In the previous post I introduced Reinforcement Learning and gave an overview of how it works in plain English. Next, let's look at how to write this definition as a mathematical problem.
Mathematically Formalising the Problem¶
To solve the problem we need to define the problem! The animated loop shown below can be written using a mathematical formulation known as the Markov decision process (MDP).

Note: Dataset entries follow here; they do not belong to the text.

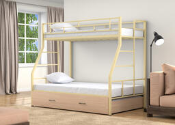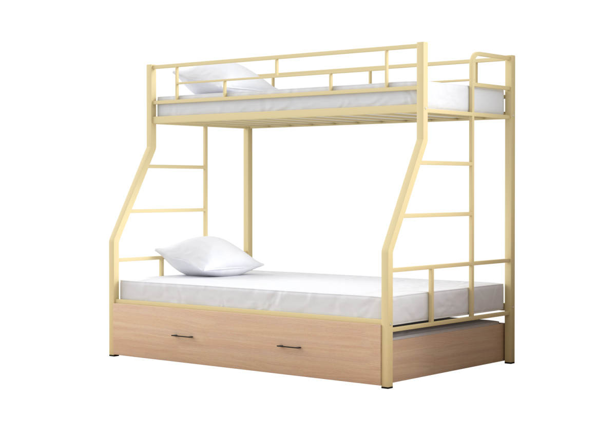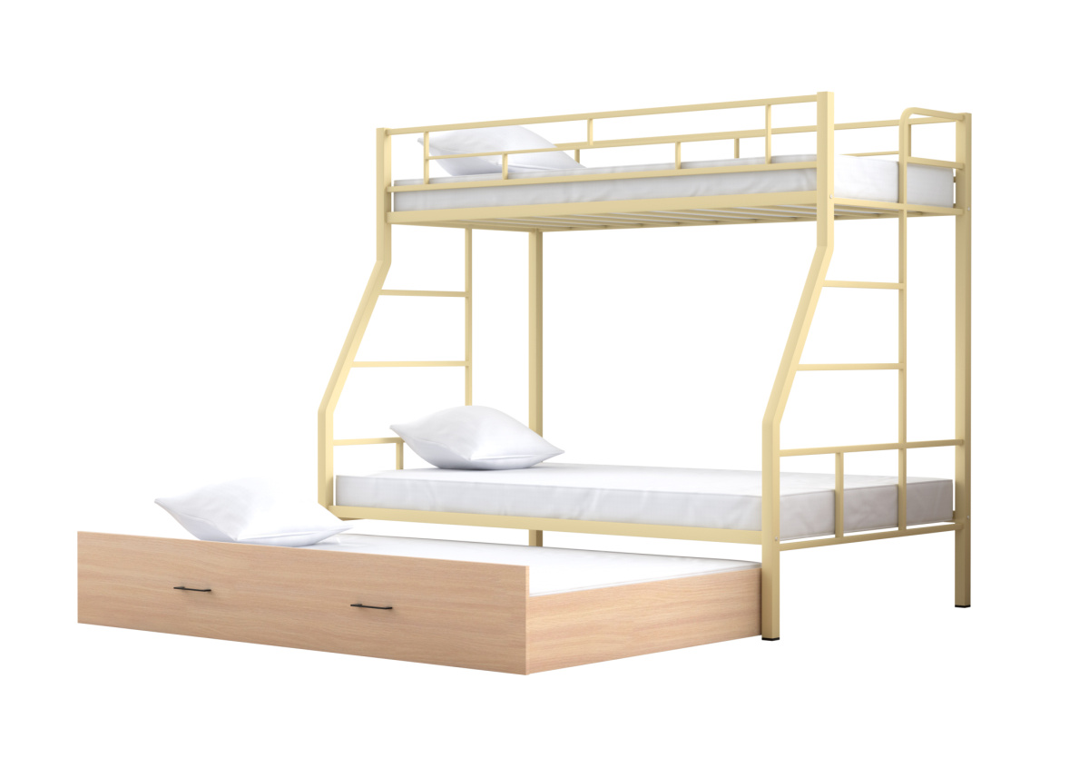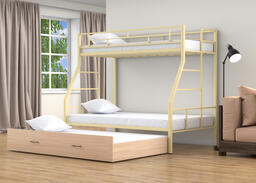 Двухъярусная кровать Раута Твист выкатная от Фабрики мебели 4 Сезона. Спальные места - 120х190 и 90х190. Выкатное спальное место из ЛДСП 16 мм 120х185 см, можно использовать как ящик для хранения.
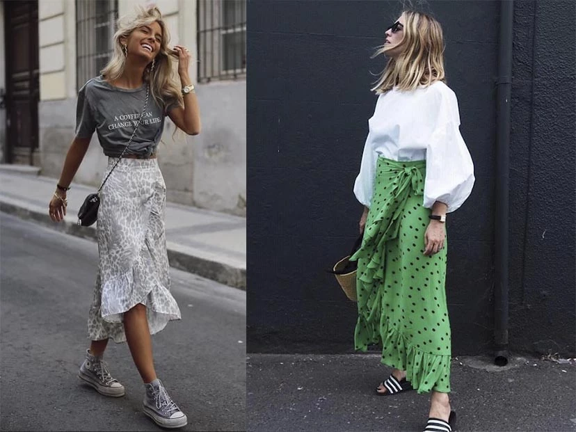 La prenda es, como lo indica su nombre, un híbrido entre una falda y un pareo y se llevan perfectamente en looks urbanos en su versión midi.
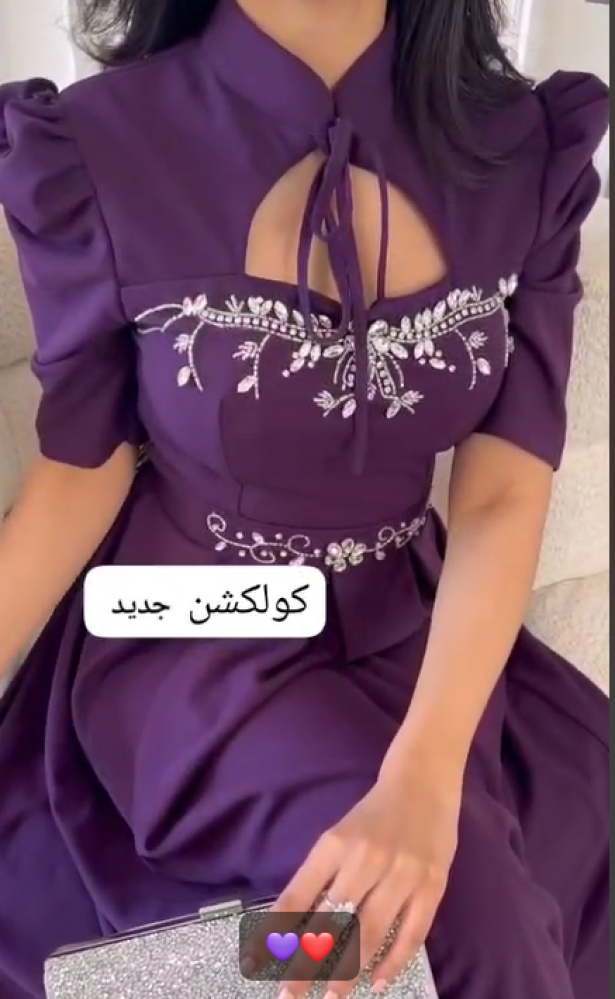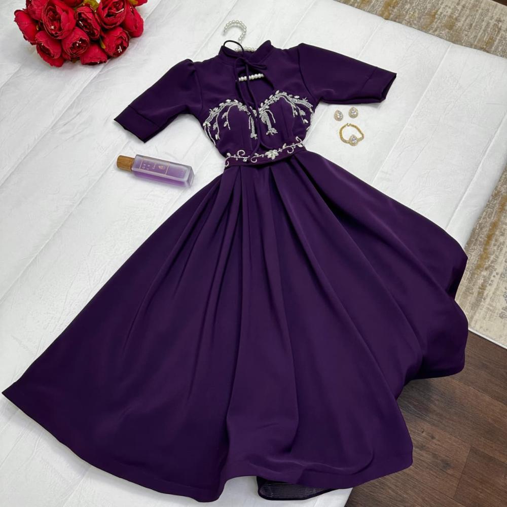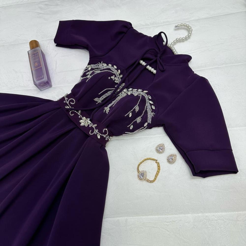 فستان اللون بنفسجي و احمر الخامه باربي تطريز يدوي من متجر جوهره BS

An MDP satisfies the Markov property, which is that the current state completely characterizes the state of the world. Bear with me..
MDP Object Definitions¶
An MDP is defined by tuple of objects, consisting of:
- $\mathcal{S}$, which is the set of possible states.
- $\mathcal{A}$, our set of possible actions.

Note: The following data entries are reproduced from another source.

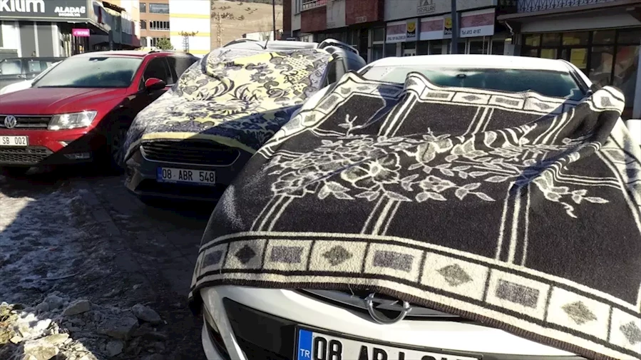 Soğuklar nedeniyle araçların camlarının buz tuttuğu kentte, bazı vatandaşlar buz tutan otomobillerinin camlarını battaniyelerle kapatarak önlem almaya gayret etti.
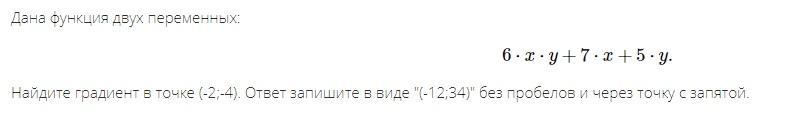 Дана функция двух переменных. Найдите градиент в точке (-2;-4).
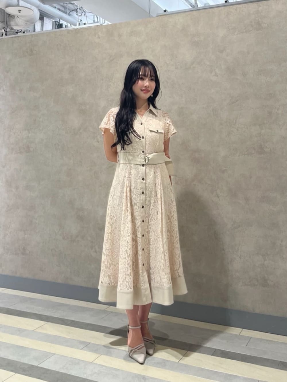 STAFF身長:154cm 【着用サイズ】 ワンピース: PS 上品な総レースを使ったワンピースで、大人っぽい印象で着ていただけます!ウエストベルトがついているので、スタイルアップできるのも嬉しいポイント◎身頃には裏地がしっかりついていますので、透ける心配もありません。 身長154cmで足首しっかり見えるPSサイズもあるので、ヒールだけでなく、フラットシューズやローヒール合わせもおすすめです!
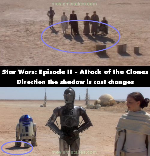 Continuity mistake: On Tatooine, after Anakin's mother died, and they laid her to rest, you notice the shadows of the tombstone's are all facing one direction. When R2-D2 comes over, you'll notice that his shadow is going in a different direction. Can't be explained by the two suns, as we've seen many times that they don't produce two distinct shadows. (01:27:45)

- $\mathcal{R}$, our distribution of our reward, given a state-action pair. So it's a function mapping from state-action $\mapsto$ reward.
- $\mathbb{P}$, which is a transition probability distribution over your next state, that you're going to transition to given your state-action pair.
- $\gamma$, a discount factor, which is basically saying how much we value rewards coming up soon versus later on.
MDP Process¶
- At time step $t=0$, the environment samples the initial state $s_0 \sim p(s_0)$
- For $t=0$ until done (terminal state):
- Agent selects an action, $a_t$
- Environment samples a reward, $r_t \sim R( . | s_t, a_t)$
- Environment samples the next state, $s_{t+1} \sim P( . | s_t, a_t)$
- Agent receives the reward, $r_t$, and next state, $s_{t+1}$
🚨 New lingo: A policy, $\pi$, is a function that specifies what action to take in each state.
So our objective can be redefined as: Find the optimal policy, $\pi^*$, that maximises the cumulative (discounted) reward.
The term "discounted" is included here as we want to take into account our discount factor, $\gamma$, which balances how we value immediate vs. long term rewards.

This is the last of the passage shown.